\documentclass[12pt]{article}
\usepackage{html}
\latex{\usepackage{fullpage}}
\usepackage{/u/mlittman/papers/tex/newalg}
\usepackage{epsfig}
\newcommand{\ul}{\begin{itemize}}
\newcommand{\li}{\item}
\newcommand{\el}{\end{itemize}}
\renewcommand{\ni}{\noindent}
\newcommand{\href}[2]{\htmladdnormallink{#2}{#1}}
\newcommand{\argmax}{\mathop{\mbox{argmax}}}
\newcommand{\argmin}{\mathop{\mbox{argmin}}}
\begin{document}
\title{Weighting Graphs (18)}
\author{Michael L. Littman}
\date{November 11th, 1997}
\maketitle
\section{ANNOUNCEMENTS}
\ni Exam 2 coming up... November 20th.
\section{NETWORK FLOW}
\subsection{Review}
\ni Recall last time we spoke about bipartite matching. The
fundamental algorithmic idea was that of finding an {\em augmenting
path\/}.
\ni The proof that this leads to a maximum matching depended on the
min-cut max-flow theorem, of which we proved a special case.
\ni We'll now briefly talk about another problem that is solved using
the same basic ideas.
\subsection{Network Flow}
\ni The bipartite matching problem can be generalized quite a bit.
\ni A beautiful generalization is network flow. We'd like to move
water (or packets or trucks or...) from one place to another.
\ul
\li source: A place where water comes from. Source is inexhaustible.
\li sink: A place where water needs to go. Sink is insatiable.
\li nodes: Junctions along the way from source to sink.
\li edges: Carry the water from junction to junction.
\li capacities: The size of the pipes (edges) between junctions.
\li flow: The amount of water moving through each pipe. Flow is
conserved.
\el
\ni Picture...
\subsection{Maximum Flow Problem}
\ni We can set a dial at each node to determine how much of the water
coming into the node will exit through each of the pipes. This
determines a {\em flow\/}.
\ni How do we set these dials to maximize the total flow from source
to sink?
\ni Can be solved efficiently using a generalization of augmenting
paths: $O(|V||E|^2)$. (Even better algorithms are available; well
studied problem.)
\ni Example flow...
\subsection{Matching as Network Flow}
\ni Matching can be seen as a special case: unit capacities, introduce
a source to all $L$ nodes, sink from all $R$ nodes.
\ni The matching algorithm we discussed is just one of the basic
maximum flow algorithms running on this graph.
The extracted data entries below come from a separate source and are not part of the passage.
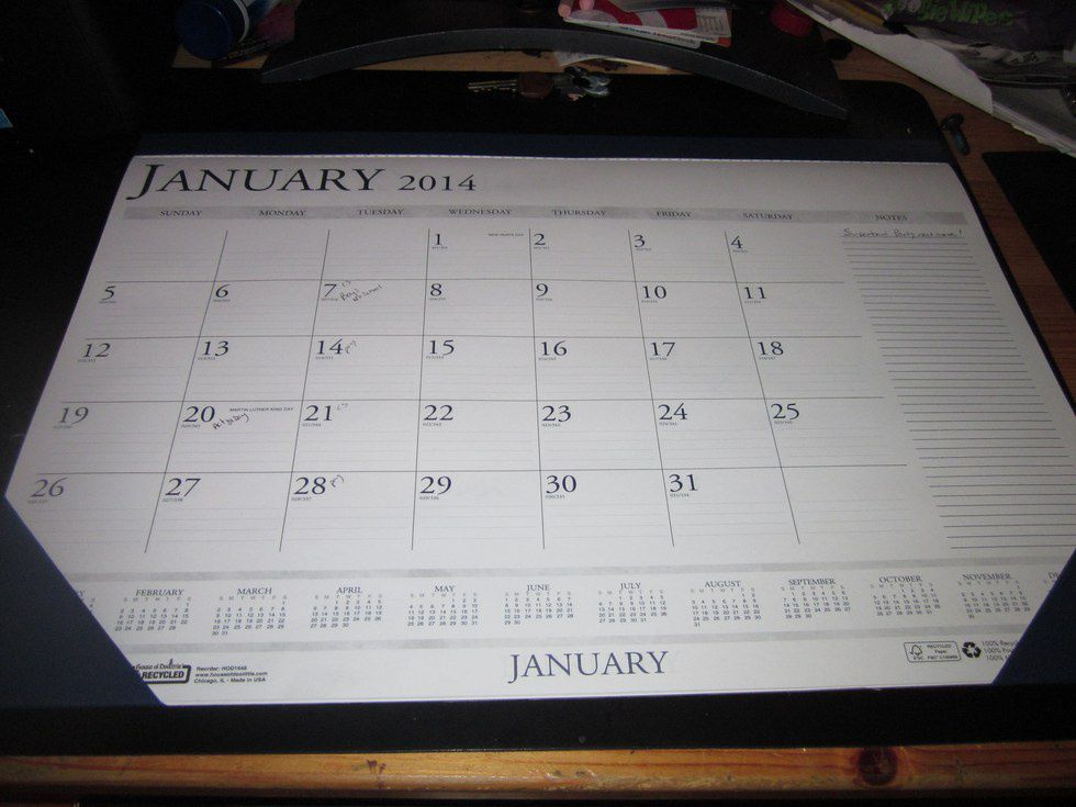 I suggest a desk calendar because it leaves a lot of room to write down everything. It might seem overwhelming to look at all the tests and assignments that are due, but I find that it's nice to see everything written down so all of the assignments and due dates aren't swirling around in your brain.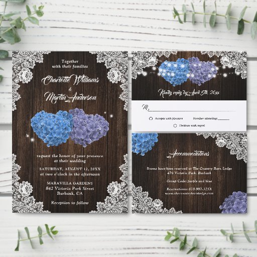 Rustic purple and blue wedding paper napkins featuring floral hearts, string lights and white floral lace against a barn wood background.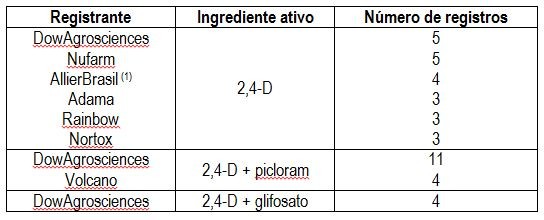 Dentre os 19 titulares de registro de 2,4-D e suas combinações, destacam-se: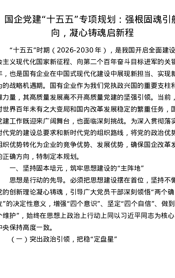 国企党建十五五专项规划:强根固魂引航向,凝心铸魂启新程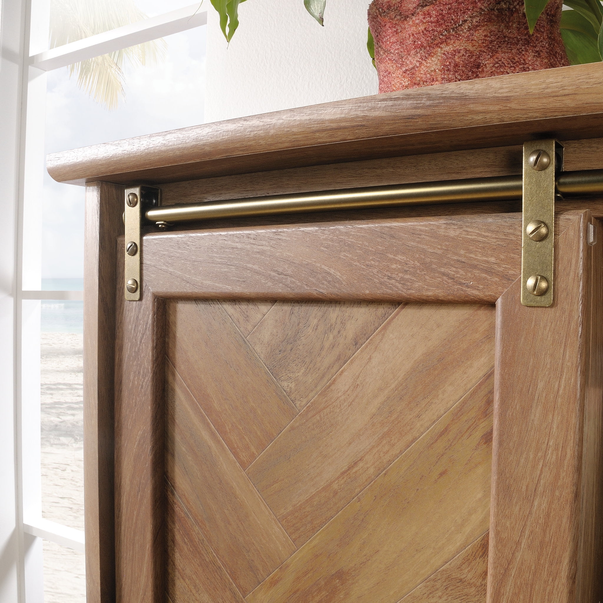 Style and storage all in one. Give your home the additional storage space it needs without having to sacrifice on the style you love with this storage cabinet from the Coral Cape collection. Display the best and hide the rest – this storage cabinet features a large sliding door that allows you to display on one side and have hidden storage on the other. This storage cabinet with doors features six adjustable shelves that can move to different heights to create flexible storage for items of all shapes and sizes. Store items like spare blankets, board games, stacks of books and organizing bins. You can also display items like decorative plants, knick-knacks, and photos of your family and friends. It has room for it all! Its large sliding door includes a reversible door panel that features a herringbone finish on one side and wood pattern on the other. Finished in Sindoori Mango and detailed with attractive hardware, this display storage cabinet will have you feeling clutter-free in no time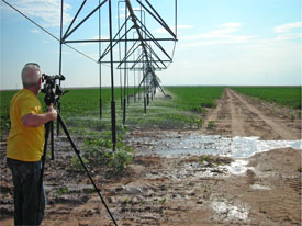 Producer and director Alan Barber filming cotton fields under irrigation near Whitharral, Texas in the summer of 2006. |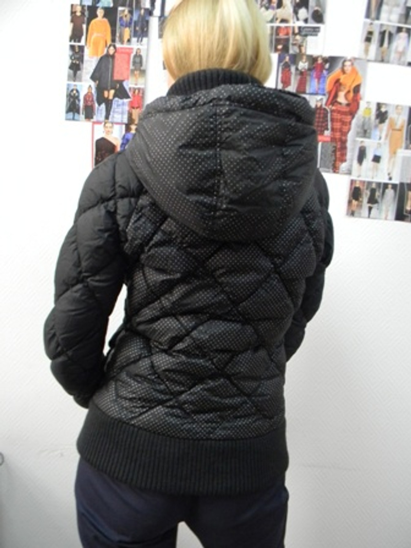Пуховик Grace Reason короткий на замке с капюшоном, очень приятный трикотажный шерстяной воротник и манжет, потайные карманы, перфорированная ткань, стёжка по диагонали. На манжете есть дырочка для большого пальца. Верх - 100% полиамид, наполнитель - 70% пух, 30% перо. Цвет черный.Made in Italy. Размер S. Цена 6000р

\subsection{Linear Programming}
\ni Maximum flow is a cool problem, but I'm told that it's not used
all that often in practice because most real-world problems are more
complicated. Instead, a really big hammer is used: linear
programming (LP).
\ni More general than matching or network flow: $Ax \le b$, maximize
$c^T x$. Here, $A$ is a matrix, $x$ a column vector of variables, $b$
a column vectors of constraints, and $c$ a column vector of rewards.
\ni Network-Flow example:
\ul
\li One variable for each edge, constrained to be between zero (no
flow) and the capacity (biggest possible flow).
\li Constraint for each node: sum of value of variables on incoming
edges must equal the sum of value of variables on outgoing edges (flow
conservation).
\li Maximize sum of edges leaving the source (size of the flow).
\el
\ni Small example...
\subsection{LP Algorithms}
\ni Can solve network flow problems this way, as well as some tricky
generalizations (costs in addition to capacities). Very powerful.
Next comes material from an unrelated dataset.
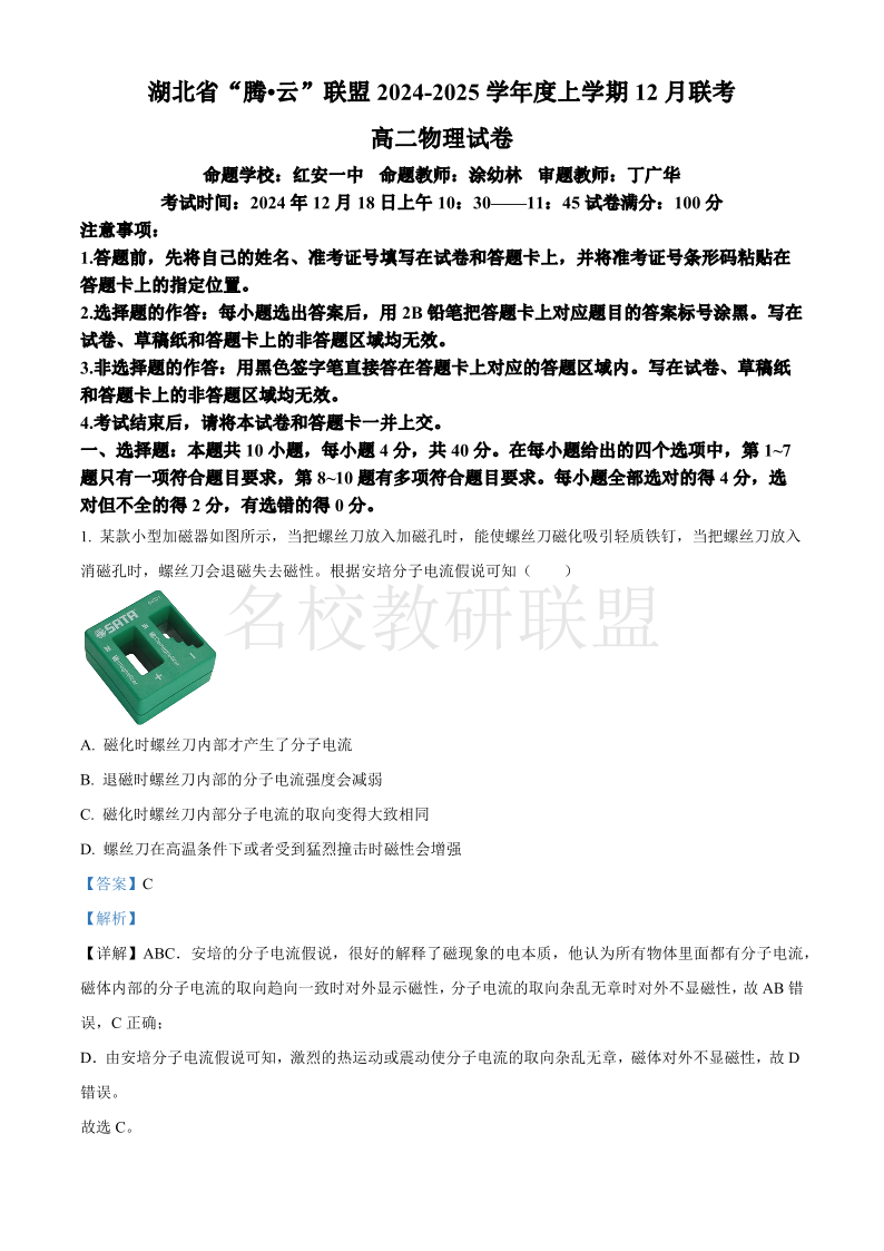 湖北省腾云联盟2024-2025学年高二上学期12月联考 物理答案.pdf

{\em ``Use it for all your optimization needs!''}
\ni Theoretically efficient LP algorithms (ellipsoid, interior point)
are very complex. Practical LP algorithm (simplex) is inefficient in
the worst case. Very good commercial implementations exist!
\ni Never know when this might come in handy.
\section{MINIMUM SPANNING TREES}
\subsection{Water For Everyone}
\ni Let's look at a different problem with some similar structure.
\ni We've still got a source, nodes, and water flowing around. But
now we want to just make sure that everyone (all nodes) get some water
(or electricty or ...).
\ni For each pair of cities $(u,v)$ that have a pipe between them,
there is a cost $w(u,v)$ for keeping the pipe open.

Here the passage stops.